Description
(We're technically running 0.10.0. We'll try to upgrade soon...)
Our GitHub runners got stuck, we had a limit to our pool, so we edited each pod to remove the finalizer and then deleted the pod. This may or may not have allowed some to start.
Eventually the operator wouldn't start any more for the pool apparently because the system had reached a limit. (Not quite sure why, we can file a bug about that later).

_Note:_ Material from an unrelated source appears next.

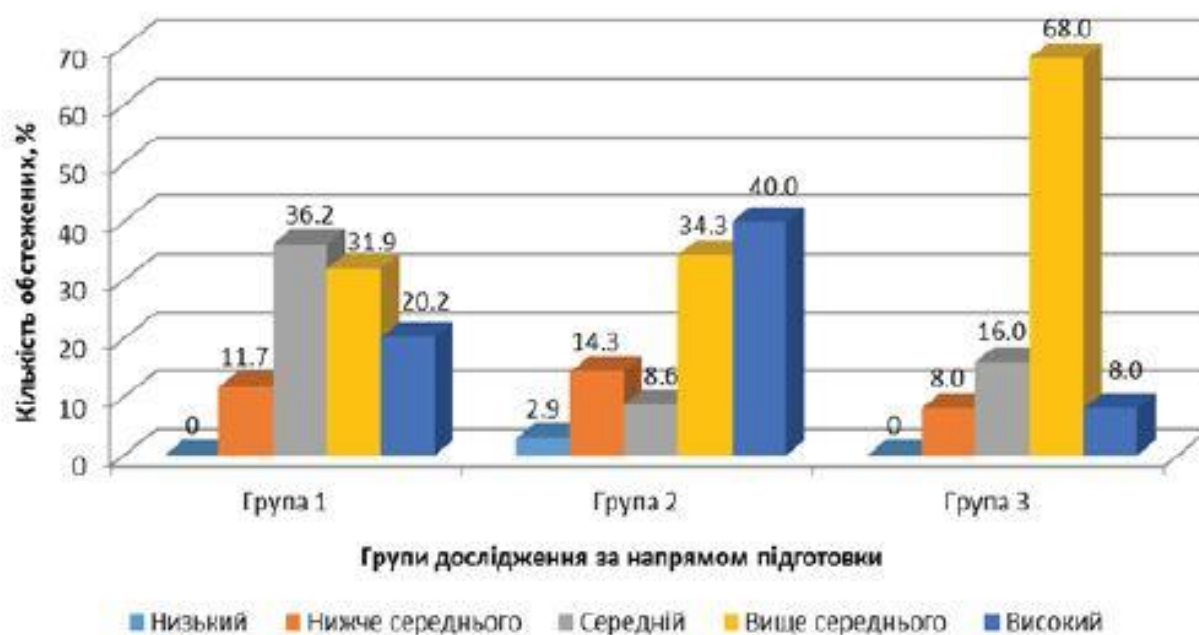
Рис. 2. Розподіл рівнів фізичного стану за О.А. Пироговою залежно від напрямку підготовки студентів

To try to fix things, someone deleted the GithubActionRunner
object hoping that this would unstick the operator (ArgoCD manages the object, so it resurrected it immediately after deletion).
Instead, we get:
2023-02-03T16:52:49.900Z INFO controllers.GithubActionRunner Pods and runner API not in sync, returning early {"githubactionrunner": "github/docker-runner-pool"}
My guess is that the only way to "fix" this is to restart the operator, but, ideally the operator should be more tolerant of this case.
Rough thoughts:
- It'd be nice if the operator would be able to recognize "oh, the object i'm talking to is not the one I was monitoring and is younger than the one I was monitoring" + "I guess I should look at my old state, and probably discard it and then track state against the new object".
- To some extent, it might be nice if there was a way to ask the operator to do things like "drop" things or refresh or ...